New figures from the US Department of Housing and Urban Development reveal that sales of new single-family houses in January rose 15.6 percent above the December 2012 rate, and 28.9 percent from the same time last year.
Over 437,000 single family homes were purchased in January, exceeding the forecast of 381,000. Sales have been boosted by low mortgage interest rates, an improving job market and the stabilisation of home prices. The Conference Board’s consumer sentiment index also skyrocketed to 69.6, in the same month cementing a strong start of year with positive recovery signs for the US economy.
In a separate report Standard & Poor’s home price index, which monitors fluctuations in the value of residential property in 20 cities in the US, recorded a 0.9 percent rise in prices from December 2012. It is the 11th consecutive monthly increase. “Home prices ended 2012 with solid gains,” said David Blitzer, chairman of the index committee. “Housing and residential construction led the economy in the fourth quarter.”

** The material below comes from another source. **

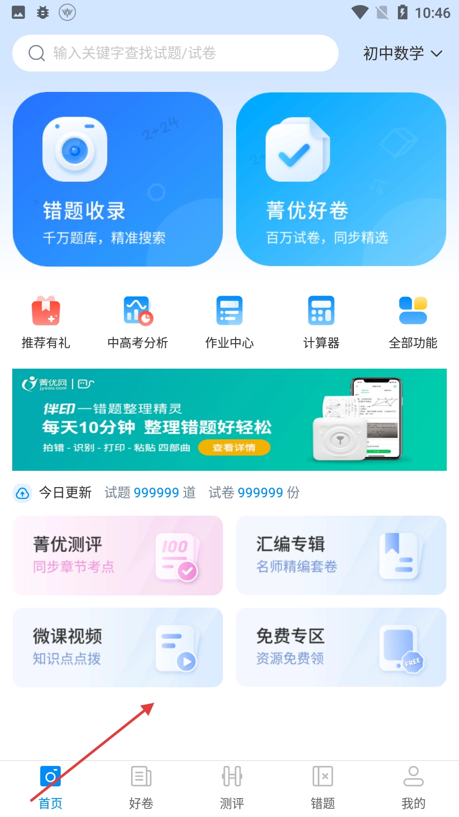 4、注册登录后,可在菁优首页使用错题收录、查看菁优好卷等功能,也可利用中高考分析、作业中心等工具辅助学习。

The index also indicated that property across the country ended 2012 with strong gains of on average 7.3 percent. All urban centres covered by the report had positive year-on0-year growth, apart from New York, which lost 0.5 percent. “Atlanta and Detroit posted their biggest year-over-year increases of 9.9 percent and 13.6 percent since the start of their indices in January 1991,” explained Blitzer. “Dallas, Denver, and Minneapolis recorded their largest annual increases since 2001. Phoenix continued its climb, posting an impressive year-over-year return of 23 percent; it posted eight consecutive months of double-digit annual growth.”
Despite encouraging figures across the board, house prices remain 29 percent lower than what they were at their peak in 2006. Additional figures collated by RealtyTrac, an American housing data provider, also suggest that up to 26 percent of all homes with outstanding mortgages owe at least a quarter more on their home than what it is worth and are seriously underwater.